Essere scrittori è una condanna? E se gli scrittori in famiglia sono due? Veronica racconta del rapporto di «reciproca mutua assistenza», dalle bozze di un manoscritto agli articoli da scrivere per i giornali, il legame che li unisce. Il ritratto di una normale famiglia romana che, a ben guardarla, tanto normale non è. In modo simpatico, ovvio.

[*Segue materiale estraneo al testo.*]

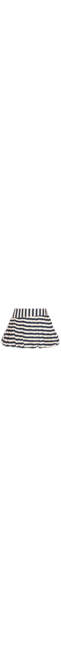 A saia bege é confeccionada em tecido leve sem elasticidade. A peça solta ao corpo possui cintura alta, cós amplo, recorte na altura do quadril com franzidos, padronagem listrada na cor azul marinho, comprimento curto, forro e fechamento lateral por zíper invisível.

Autrice di numerosi romanzi, di Veronica Raimo ricordiamo: Il dolore secondo Matteo (minimum fax 2007), Tutte le feste di domani (Rizzoli 2013) e Miden (Mondadori 2018), uscito in UK, Usa e Francia. Nel 2019 ha scritto il libro di poesie Le bambinacce con Marco Rossari (Feltrinelli). Soprattutto traduttrice di autori come Octavia E. Butler, Ray Bradbury e Francis Scott Fitzgerald, autore che incontriamo tra le pagine di quest’ultimo romanzo.

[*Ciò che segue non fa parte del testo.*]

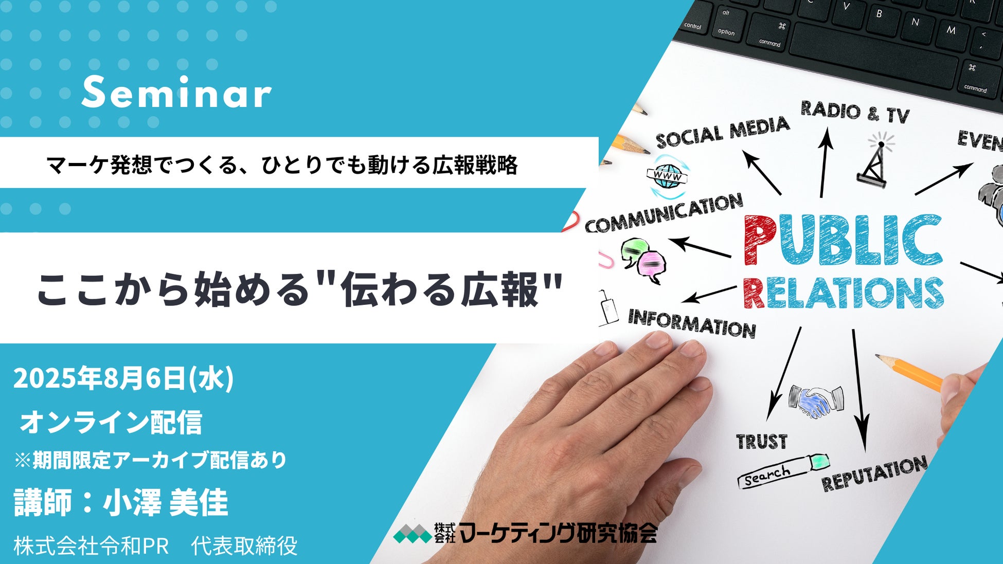 株式会社マーケティング研究協会は2025年8月6日、オンラインセミナー「ここから始める"伝わる広報"マーケ発想でつくる、ひとりでも動ける広報戦略」を開催します。期間限定アーカイブ配信あり。

Niente di vero (acquista) perché se c’è una cosa che temiamo più della morte è la verità. Consigliato a chi non è alla ricerca di risposte ma di una voce alle Annie Ernaux, la compagna di un intimo viaggio verso l’impresa che è il diventare donna oggi. Attraverso una prosa sincera, di una schiettezza disarmante, disincantata nel suo nevrotico tentativo di ripercorrere le strade dei ricordi. Come scrive Claudia Durastanti: «molte pagine sono ferite da medusa: bruciano alla distanza».